American diversity ultimately seeks to uphold white supremacy both domestically and internationally. It does so by limiting the expression of other cultures so that whiteness remains the default within these borders. And it does so by using the presence of black and brown bodies in the United States to create the image of a free country that has the moral high ground to impart—or impose—this freedom internationally. It tokenizes minorities who support an agenda that harms their own people, while silencing voices that challenge it.
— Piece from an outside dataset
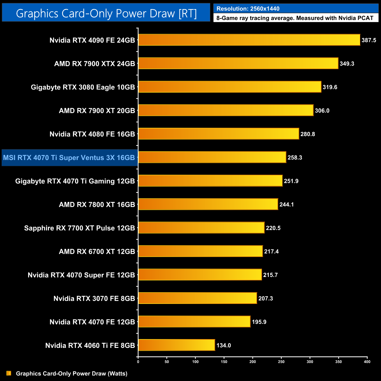 Here we present power draw figures for the graphics card-only, on a per-game basis for all twelve games we tested at 1440p. This is measured using Nvidia's Power Capture Analysis Tool, also known as PCAT. You can read more about our updated power draw testing methodology HERE.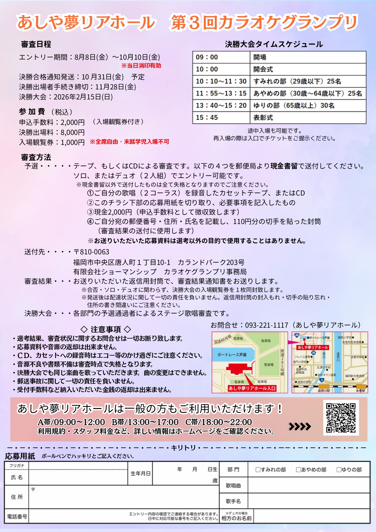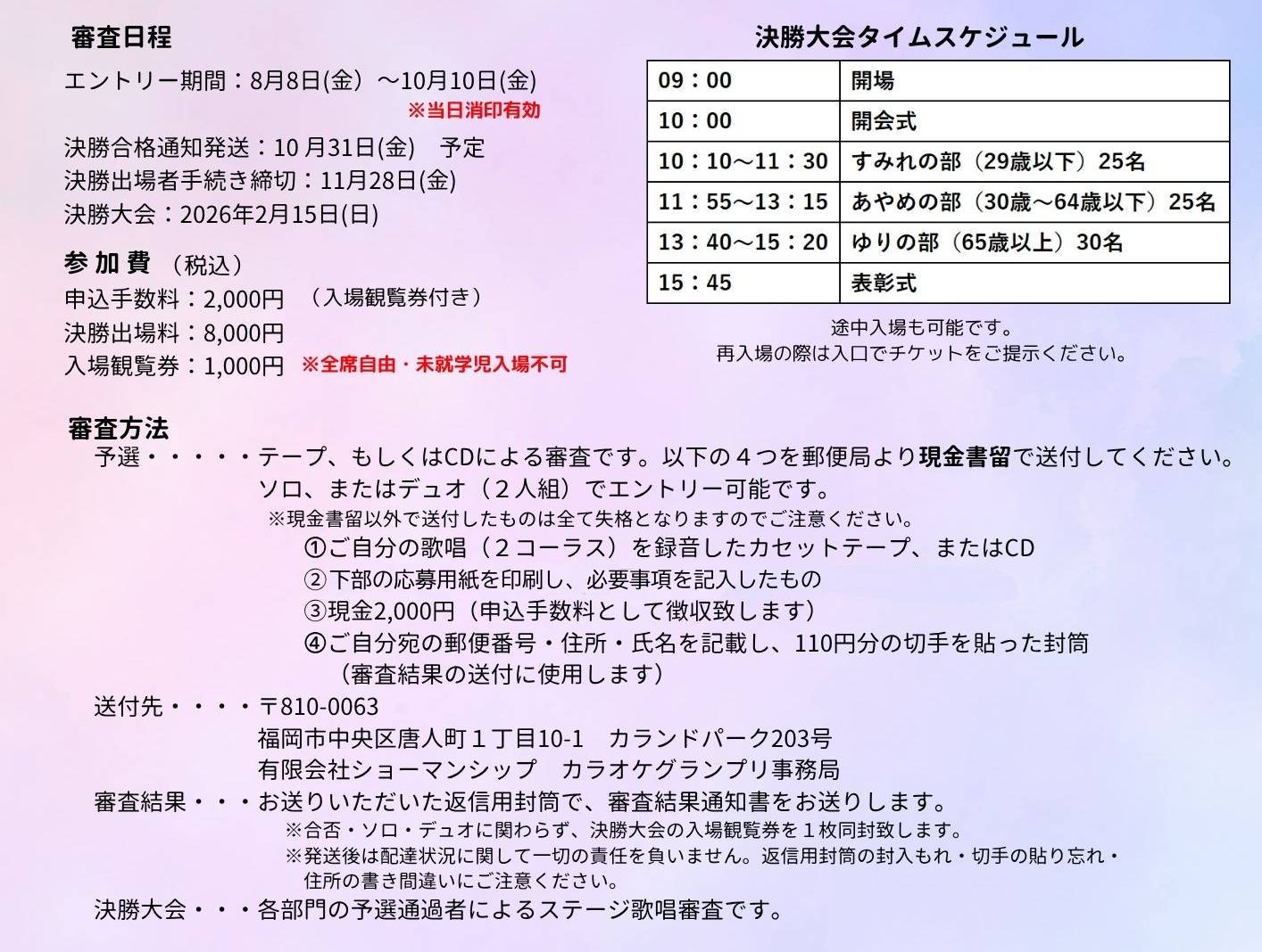 ・ | 決勝大会でも同じ楽曲を歌っていただきます。曲の変更はできません。 |

These tokenized minorities grant cross-cultural legitimacy to the campaign of white supremacy, and represent the interests of whiteness, not the communities they claim to represent. They include the first Indian governor, who said that “immigration without assimilation is an invasion.” They include a black president who institutionalized drone strikes that killed scores of civilians in Pakistan and Afghanistan. Contrarians are denied a voice, however mainstream they may be. As Linda Sarsour gains popular support, she has received backlash across political lines. Ayaan Hirsi Ali, in contrast, is honored by Harvard and Stanford despite her continual Islamophobic rhetoric. After Reza Aslan tweeted against Donald Trump, CNN dropped his show—the same network that gave Corey Lewandowski, who has been accused of sexual assault, a platform.
Ultimately, the promise of American diversity is contingent on assimilation to whiteness. It’s contingent on people of color contorting their identity and beliefs to fit this narrative. Those who push back are pushed out. And so, in this America, I speak English, I wear jeans, I eat hot dogs. In this America, I spent my childhood not wearing henna on Eid, because I didn’t want to field even more questions at school. In this America, I avoided cultural and religious affinity groups because I didn’t want to be that girl whose only friends are Muslims.
This America is so much bigger than that one room that housed three girls. Yet somehow, I had so much more space in that room. Outside of it, I have found my arms crossed, shoulders hunched, lips sealed. In this America, I force myself to write and to speak and to stand straight. I force myself to stop the contortions and quit the balancing act. I don’t always succeed. But I know that if I stop trying, I too will shrink.
Shireen Younus ’20 is a Crimson Editorial editor in Pforzheimer House. Her column appears on alternate Thursdays.